Department of Radiology, Chung-Ang University Hospital, Chung-Ang University College of Medicine, 84 Heukseok-Ro, Dongjak-Gu, Seoul, 06973, Republic of Korea.
Department of Radiology, Kyung Hee University Hospital, Kyung Hee University College of Medicine, Seoul, Republic of Korea.
Radiol Med. 2018 Apr;123(4):260-270. doi: 10.1007/s11547-017-0839-2. Epub 2017 Dec 16.
Thyroid nodules are common; however, malignancy is less than 7%. Therefore, additional techniques such as Doppler ultrasonography or elastography are used to improve diagnostic performance of conventional ultrasonography. We want to prospectively investigate the use of additional superb microvascular imaging (SMI) and strain elastography to B-mode ultrasound in thyroid nodules in distinguishing benign from malignant thyroid nodules.
We analyzed 52 thyroid nodules (malignant = 26, benign = 26) and reviewers scored the likelihood of malignancy for three data sets (i.e., B-mode ultrasonography alone, B-mode ultrasonography + SMI, and B-mode ultrasonography + strain elastography). The area under the receiver-operating characteristic curve (Az) values, sensitivities, and specificities were compared.

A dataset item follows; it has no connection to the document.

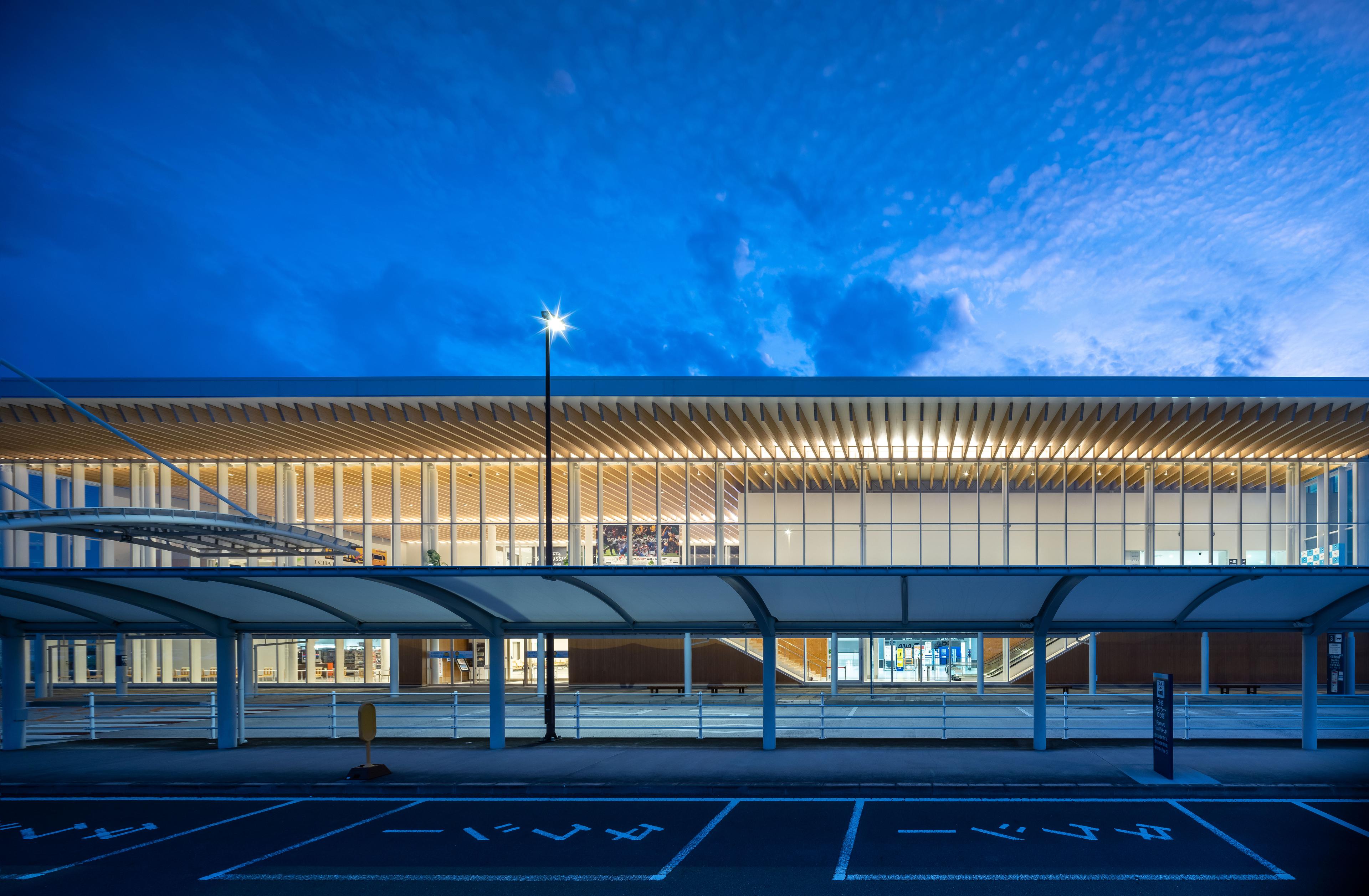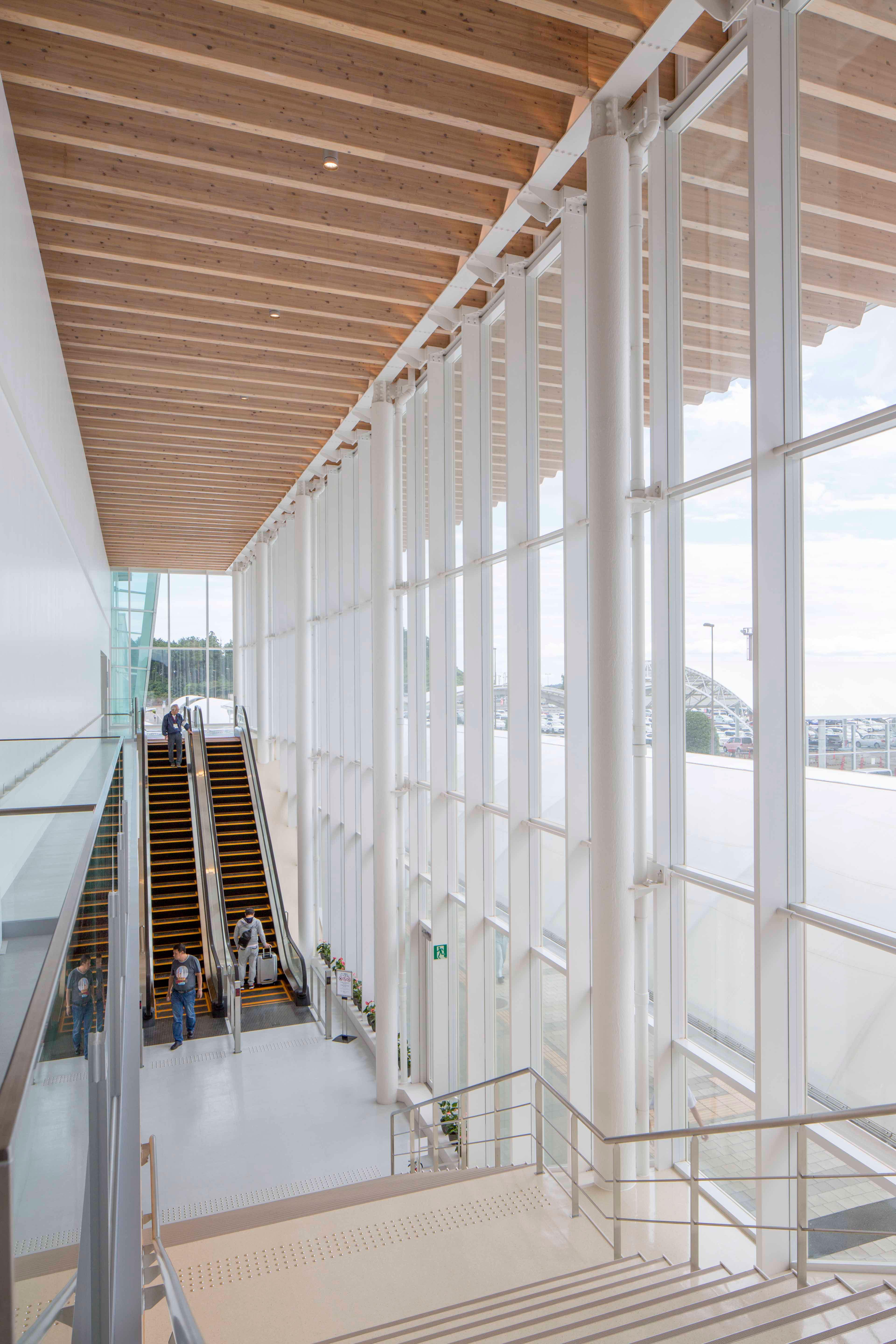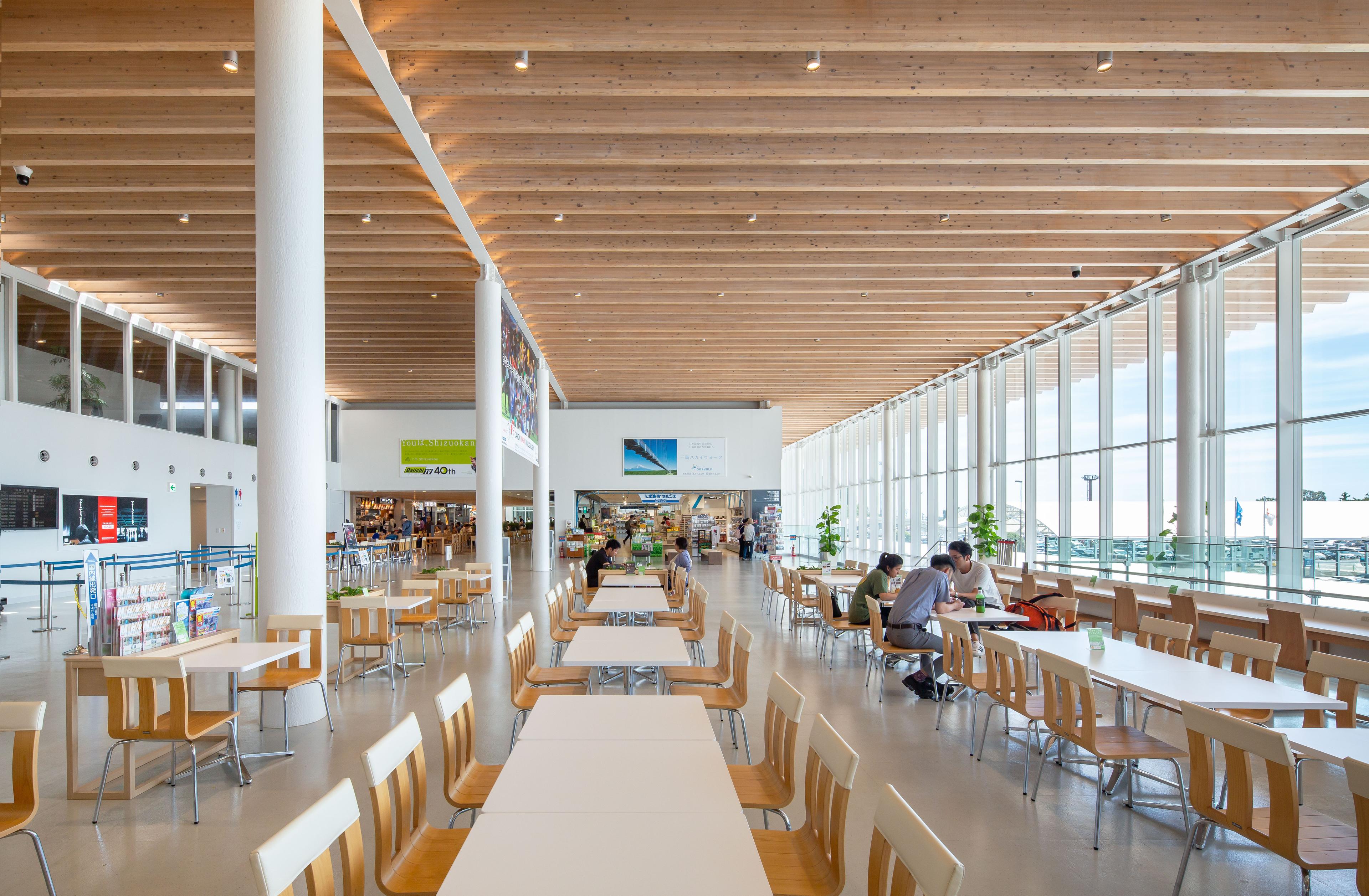 既存空港ターミナルビルの増築・改修である。大断面の静岡県産のスギ集成材をシンプルに700㎜ピッチのジョイスト状に使い、大屋根の構造としている。ジョイスト梁は、スパンごとにそれとは直交方向の大梁で受ける必要があるが、空間がスパンごとに分断され空間の流れが損なわれてしまう。そこで大梁をなくし、ジョイスト梁を連続して見せる方法として、木と鉄のハイブリッドトラス梁と考えた。正面のドロップオフの大きな庇の木架構が、そのままロビーからボーディングのエアサイドまでつながり、利用客を柔らかく覆う空間となった。

A comparison of the data sets revealed that area under the receiver-operating characteristic curve values were similar without statistical difference. However, on comparing sensitivity and specificity based on the management decision of whether to conduct fine-needle aspiration (FNA) after combining information from all three types of imaging (B-mode ultrasonography + SMI + strain elastography), specificity was significantly higher for the combined technique (34.6%) than for B-mode ultrasonography alone (11.5%), without decrease in sensitivity (P = 0.032).
Additional use of SMI and strain elastography could potentially lead to increase in specificity in thyroid ultrasonography.

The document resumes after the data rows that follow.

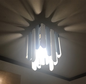 ダウンライト、明るさはそこそこ十分だけど、天井の影模様がきれいで面白い。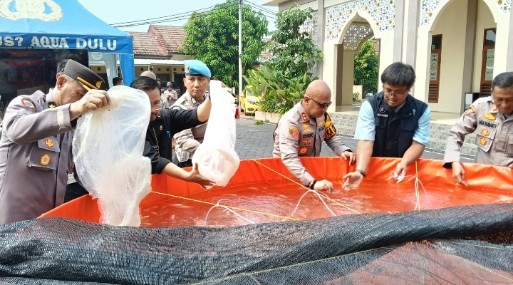 SERANG~PNews~ Dalam rangka mendukung program ketahanan pangan, Kepolisian Resor (Polres) beserta Polsek jajaran serentak melakukan penebaran 200 ribu benih ikan lele dan nila ke dalam biolflok di masing-masing polsek, Jumat 15 Nopember 2024.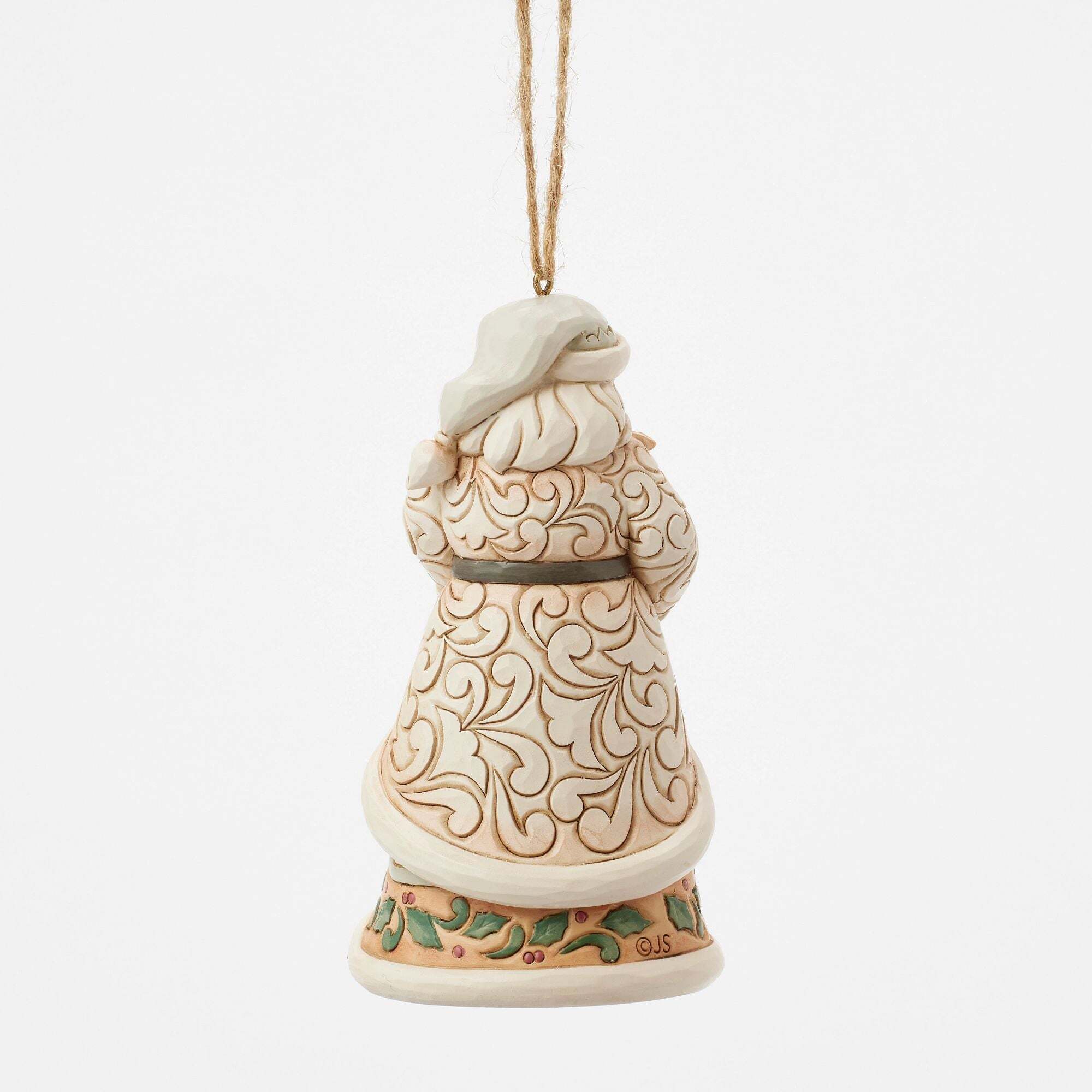 Questa decorazione da appendere Jim Shore raffigura Babbo Natale che tiene teneramente in braccio un cerbiatto, incarnando lo spirito di compassione e gioia. Il suo mantello, splendidamente dettagliato, presenta un'affascinante scena del Polo Nord, con le renne che saltellano allegramente. Dalla collezione Heartwood Creek , disegnata dal pluripremiato artista e scultore Jim Shore. Ogni statuetta è dipinta a mano e sono possibili lievi variazioni di colore, rendendo ogni pezzo unico. Destinato solo a un pubblico adulto. Altezza: 11,5 cm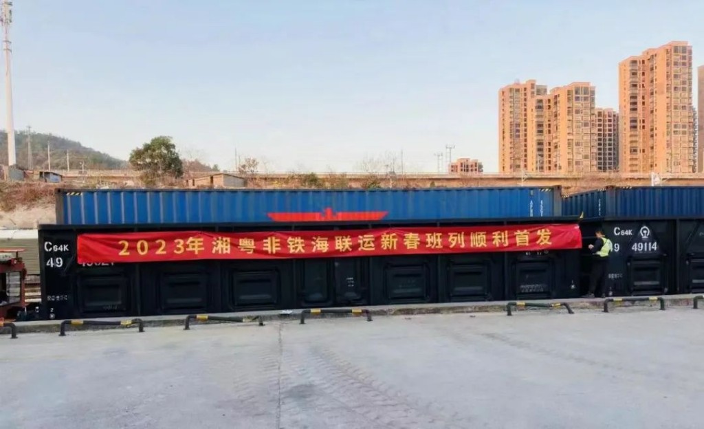 1月29日,湘粤非铁海联运班列迎来2023年新春首发,在株洲中车物流57个40尺大柜顺利发运。本次发运货物主要是株洲本地化工产品、湖南装备制造产品,预计2月1日将抵达华南港区后,装船出口至东南亚和拉非地区。

甲状腺结节很常见,但恶性肿瘤少于 7%。因此,通常会使用其他技术,如多普勒超声或弹性成像,以提高常规超声的诊断性能。我们旨在前瞻性地研究在甲状腺结节中使用附加的超微血流成像(SMI)和应变弹性成像对 B 型超声的辅助作用,以区分良恶性甲状腺结节。
我们分析了 52 个甲状腺结节(恶性= 26,良性= 26),并由审阅者对三个数据集(即单独的 B 型超声、B 型超声+SMI 和 B 型超声+应变弹性成像)的恶性可能性进行评分。比较了受试者工作特征曲线下面积(Az)值、敏感度和特异度。
数据集之间的比较表明,Az 值相似,无统计学差异。然而,基于对所有三种成像类型(B 型超声+SMI+应变弹性成像)的信息进行组合后是否进行细针抽吸(FNA)的管理决策,比较敏感度和特异度时,联合技术(特异性为 34.6%)的特异性明显高于单独使用 B 型超声(特异性为 11.5%),而敏感性没有降低(P = 0.032)。
额外使用 SMI 和应变弹性成像可能会导致甲状腺超声的特异性提高。